If Corgi's get a thread Border Collies do aswell

























#SmartestDogsInWorld


----------



## mistylake (Apr 24, 2012)

:heart


----------



## Limmy (Feb 15, 2013)

Kirsebaer said:


> :heart


 that one is actually adoreable!


----------



## Zeppelin (Jan 23, 2012)




----------



## purplefruit (Jan 11, 2011)

YESsssssss i want one of these

but i will be happy with my wimpy beagle for now


----------



## Cam1 (Dec 4, 2011)

purplefruit said:


> YESsssssss i want one of these
> 
> but i will be happy with my wimpy beagle for now


I also have a wimpy beagle, lol. He's afraid of everything. EVERYTHING.


----------



## mistylake (Apr 24, 2012)




----------



## ItsEasierToRun (Feb 2, 2013)

Lol I have a Border Collie :b I'll post a photo next time I'm on the computer..


----------



## Ender (Aug 5, 2012)




----------



## sprinter (Nov 22, 2003)

Unless you have a herd of sheep or cattle owning a Border Collie is animal cruelty. I found that out from experience, they need a job to do to be happy. Too much energy.


----------



## ItsEasierToRun (Feb 2, 2013)

sprinter said:


> Unless you have a herd of sheep or cattle owning a Border Collie is animal cruelty. I found that out from experience, they need a job to do to be happy. Too much energy.


 :roll


----------



## purplefruit (Jan 11, 2011)

Ender said:


>


wtf is that a panda


----------



## Ender (Aug 5, 2012)

purplefruit said:


> wtf is that a panda


I might have gotten confused. Pandas and Border Collies look similar.


----------



## Amphoteric (Sep 11, 2011)

Is it a corgi? Is it a border collie? It's both!


----------



## AllToAll (Jul 6, 2011)

Amphoteric said:


> Is it a corgi? Is it a border collie? It's both!


It's a corgi collie!


----------



## Limmy (Feb 15, 2013)

sprinter said:


> Unless you have a herd of sheep or cattle owning a Border Collie is animal cruelty. I found that out from experience, they need a job to do to be happy. Too much energy.
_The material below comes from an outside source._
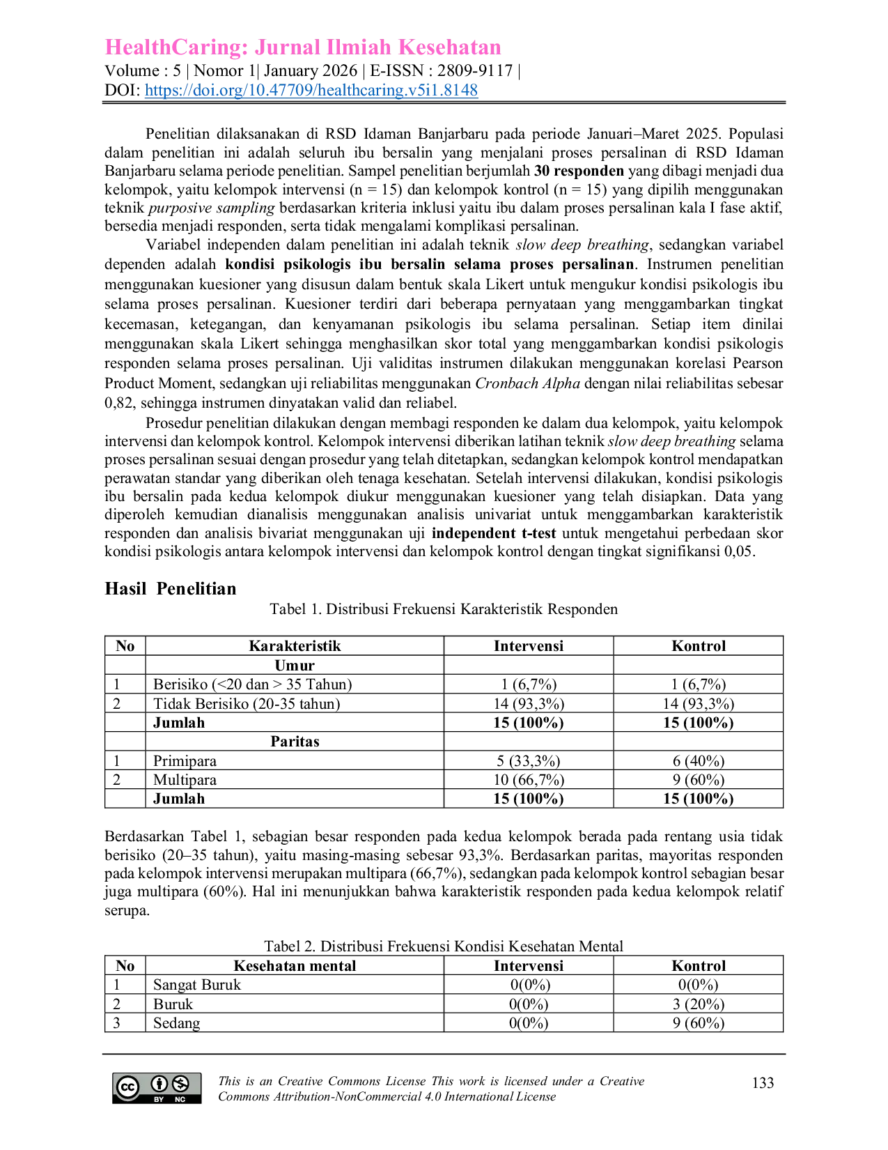 Healthcaring: Jurnal Ilmiah KesehatanHealthcaring: Jurnal Ilmiah KesehatanProses persalinan tidak hanya melibatkan perubahan fisiologis, tetapi juga respons psikologis yang dapat memengaruhi pengalaman persalinan ibu. Selama persalinan diketahui dapat meningkatkan kecemasan dan ketegangan yang dapat meningkatkan persepsi nyeri serta berpotensi memengaruhi kemajuan persalinan. Salah satu pendekatan non-farmakologis yang dapat digunakan untuk membantu ibu mengelola respons psikologis selama persalinan adalah teknik relaksasi pernapasan, seperti slow deep breathing. Penelitian ini bertujuan untuk menganalisis pengaruh teknik slow deep breathing terhadap kondisi psikologis ibu bersalin di RSD Idaman Banjarbaru. Penelitian ini menggunakan desain quasi experimental dengan pendekatan posttest-only control group design. Sampel penelitian berjumlah 30 ibu bersalin yang dibagi menjadi dua kelompok, yaitu kelompok intervensi (n = 15) dan kelompok kontrol (n = 15) yang dipilih menggunakan teknik purposive sampling. Kelompok intervensi diberikan latihan teknik slow deep breathing selama proses persalinan, sedangkan kelompok kontrol menerima perawatan standar. Kondisi psikologis ibu diukur menggunakan kuesioner skala Likert yang telah melalui uji validitas dan reliabilitas (Cronbachs alpha = 0,82). Analisis data dilakukan menggunakan uji independent t-test dengan tingkat signifikansi 0,05. Hasil penelitian menunjukkan bahwa rata-rata skor kondisi psikologis pada kelompok intervensi lebih tinggi dibandingkan kelompok kontrol (55,93 vs 34,80). Sebagian besar responden pada kelompok intervensi berada pada kategori kondisi psikologis baik (66,7%) dan sangat baik (33,3%), sedangkan pada kelompok kontrol mayoritas responden berada pada kategori sedang (60%) dan buruk (20%). Hasil uji statistik menunjukkan perbedaan yang signifikan antara kedua kelompok (p < 0,001). Temuan ini menunjukkan bahwa teknik slow deep breathing berpotensi membantu meningkatkan kondisi psikologis ibu selama proses persalinan. Oleh karena itu, teknik ini dapat dipertimbangkan sebagai salah satu intervensi non-farmakologis yang dapat diterapkan oleh tenaga kesehatan dalam mendukung kenyamanan psikologis ibu selama persalinan.

who says i didnt have a heard of sheep


----------



## sprinter (Nov 22, 2003)

Limmy said:


> who says i didnt have a heard of sheep


I just assumed you did. Unfortunately I didn't so my border collie spent all his time chasing after rabbits all over the farm and beyond which I guess made him happy but I never saw him he was never home.


----------



## Moochie (Nov 11, 2012)

The border collie is my DREAM dog! <3 I have Australian cattle dogs though, eh close enough. I love blue merle and there are like no good quality blue merle border collies in California so blue heelers will have to do. I love them though they are my babies.
There is an amazing breeder in Missouri, Sixteen Hands Border Collies. Best Border Collies I've seen. Amazing quality and working ability. Here are some pics of their dogs..
Mayhem








random puppy








Maya








Obi


----------



## Moochie (Nov 11, 2012)

Go "like" Sixteen Hands Border Collies on Facebook!
This guy is Match, he is BEAUTIFUL!








He is red merle, another color I adore.
































Info on Match : Match's father is imported. His mother is a USDDN World Finalist disc dog.
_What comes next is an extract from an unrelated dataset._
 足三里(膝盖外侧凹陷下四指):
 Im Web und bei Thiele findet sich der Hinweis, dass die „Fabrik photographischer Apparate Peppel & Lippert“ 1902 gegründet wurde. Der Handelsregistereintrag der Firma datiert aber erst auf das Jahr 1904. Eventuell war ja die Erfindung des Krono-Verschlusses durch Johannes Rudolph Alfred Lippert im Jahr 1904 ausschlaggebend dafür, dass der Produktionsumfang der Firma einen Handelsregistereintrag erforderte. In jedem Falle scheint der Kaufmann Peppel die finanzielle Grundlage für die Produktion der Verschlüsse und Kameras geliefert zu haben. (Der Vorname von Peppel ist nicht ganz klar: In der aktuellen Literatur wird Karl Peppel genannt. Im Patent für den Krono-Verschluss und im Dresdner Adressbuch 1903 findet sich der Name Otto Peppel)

Match is a high drive border collie used to work both goats and cattle. He has it all, brains, style, flash. His puppies are easy to train, and very intelligent. They also will have a ton of natural working ability!


----------



## Moochie (Nov 11, 2012)

sprinter said:


> Unless you have a herd of sheep or cattle owning a Border Collie is animal cruelty. I found that out from experience, they need a job to do to be happy. Too much energy.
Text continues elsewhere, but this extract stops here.